Formerly known as Katong Junction, the property underwent an extensive addition and alteration (A&A) exercise that cost $12.5 million in 2016. The property was then renamed Katong Point. From 2020 to 2021, it underwent further A&A, including reconfiguration of units, repainting of the façade, as well as upgrading of the electrical and plumbing works.
In early October, six adjoining freehold, two-storey shophouses with a dual frontage of 60m along the main Geylang Road and Lorong 17 Geylang, were offered for sale, with Savills as the marketing agent. The property has six individual land titles and a combined land area of 9,792 sq ft, with a total GFA of 17,014 sq ft. The shophouses are zoned for commercial use with a plot ratio of 3.0, and the building of a five-storey rear extension has been approved. (Find Singapore commercial properties with our commercial directory)
According to Galven Tan, deputy managing director of investment sales and capital markets, Savills Singapore, this presents “tremendous value-add potential” to tap underutilised floor area of about 12,362 sq ft. The property is offered for sale by expression of interest, which will close on Nov 9.
However, a neighbouring unit at 323 Geylang Road sitting on a 1,988 sq ft freehold site changed hands in September last year for $10.1 million, or $5,080 psf, according to SISV Realink.
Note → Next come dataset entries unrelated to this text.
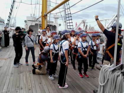 マスト登りの準備です。しっかり説明を聞きます。なぜか船上に保護者が。今年は出港前にマスト登りの体験なので「みらいへ」さんのはからいで出港までは船内見学と子どもたちの活動を参観させていただきました。
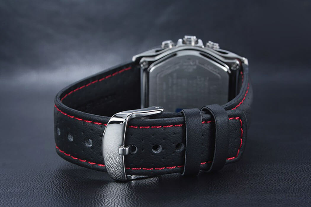 Стильный аксессуар имеет необычный дизайн в футуристическом стиле, присутствуют контрастные элементы. Выдержана общая автомобильная тематика, такое исполнение сохраняет актуальность уже много сезонов подряд. Модель станет идеальным вариантом для путешественников и спортсменов благодаря часовым усложнениям: термометр, мировое времяМировое время Полезное часовое усложнение, отображающее время в основных городах и известных областях по всему миру, оно связано с часовыми поясами, удобно для путешественников и бизнесменов. , секундомер, таймер, календарь, будильник. Память на 50 кругов - позволяет измерять время тренировки. Выпуклое минеральное стекло. Водостойкость 100 метров. Корпус из нержавеющей стали 316L. Перфорированный ремешок из натуральной кожи. Габариты: 43,9 x 38,3 x 12,9 мм.
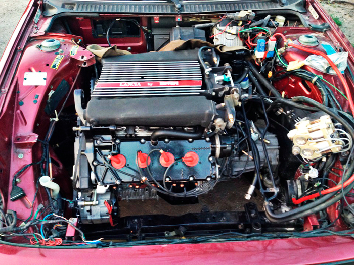 Задача: засунуть этот мотор в Lancia Thema. Переднеприводной седан с поперечно расположенным двигателем.

Based on the psf price and land area of the six shophouses along Geylang Road, the price tag is estimated to be about $50 million.
While shophouses continue to be put up for sale, there is no denying that transaction activity has been muted in the three months from July to September. In 3Q2022, just 34 shophouse deals were transacted, based on caveats lodged. This is half the number (67) of deals done in the preceding quarter. However, the figure in 3Q2022 is likely to be higher as some caveats were not lodged by buyers, says Wong Siew Ying, PropNex head of research and content, in a report published on Oct 26.
In terms of transaction value, the q-o-q plunge was less severe at 31.4%, to $339.1 million in 3Q2022, from $494 million in the previous quarter, comments Nicholas Mak, head of research and consulting, ERA Realty Network.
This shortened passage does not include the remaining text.